Other Software and Data

Enriching Mobile Trace Data in Hadoop

By David Bokor posted 01-24-2019 09:30


One of the benefits of being product owner for Spectrum Location Intelligence for Big Data is that I get to see a lot of customer use cases. Now that GPS devices are everywhere, I'm seeing more customers trying to get some value out of data collected from vehicles.

Let's take a company, for example, that has a fleet of delivery vehicles. Each of these vehicles has a GPS that keeps track of the vehicle position and speed. Can we get a sense of how "safe" a driver is?

In Hadoop, dealing with this volume of data is pretty trivial. On a small cluster, you can easily process millions of points in minutes. In the example below, I use Apache Hive to analyze each point to find the closest segment from the road network, the distance to that segment, and the speed limit of that segment.

CREATE TABLE enriched_points AS SELECT points.longitude AS longitude, points.latitude AS latitude, points.speed AS speed, nearest.distanceInMeters AS distanceInMeters, nearest.SPEED AS speedLimit, ToWKT(nearest.OBJ) AS geom
FROM points
    ST_Point(points.longitude, points.latitude), '/streets.TAB',
      'maxCandidates', '1',
      'returnDistanceColumnName', 'distanceInMeters',
      'distanceUnit', 'm',
      'maxDistance', '100',
      'remoteDataSourceLocation', 'hdfs:///pb/data/StreetProNAV',
      'downloadLocation', '/pb/downloads'
  ) nearest;

From there you have a lot of options. Segments in Street Pro NAV have various speeds associated with them: speed limits, modeled speeds, speeds for different times of day, etc. You could compare a driver's actual speed with any of these to get a sense of their behavior relative to the network. Perhaps you can look at sudden changes of speed to identify hard stops. By analyzing this for many drivers, you can start to see patterns about which roads have the most sudden braking - an indication that those might be dangerous intersections that should be avoided.
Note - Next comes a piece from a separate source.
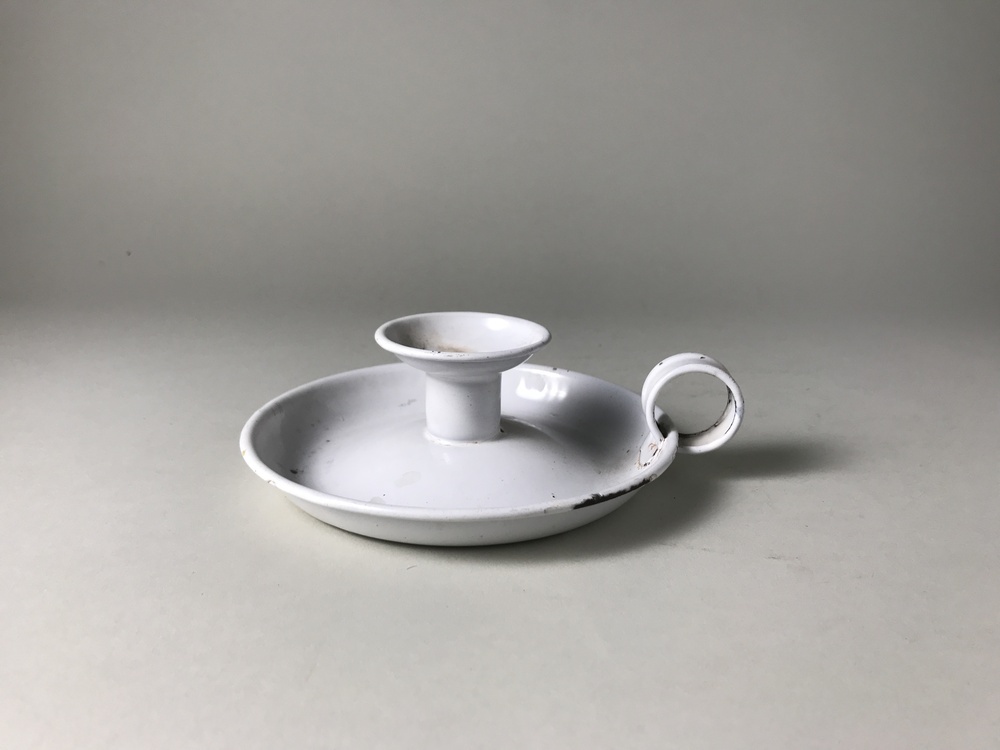 Wit geverfde lage kandelaar met schaaltje als voet, voorzien van ringvormig oortje.- Trefwoorden

As data volumes have increased, using Hadoop to analyze data has become more common. You can learn more about our big data products at: http://support.pb.com/help/hadoop/landingpage/index.html

…or post a question to the Community.

1 comment



02-22-2019 13:02

Another way of looking at driver safety is to re-frame it as driver risk.  In this example the customer was wanting to look at telematics data, to see every route but we have other customers who are more interested in trends relating to common commute paths.  Imagine the journey you make every day to the office.  Maybe it's a 10 minute hop across town, or maybe it's an hour during peak driving conditions.  Batch analysis of commute paths along with speeds, number of turns, known accident hotspots can all lead to better prediction of driver risk.  Use of not just street network data but also routing software can help to give answers to all these problems at scale.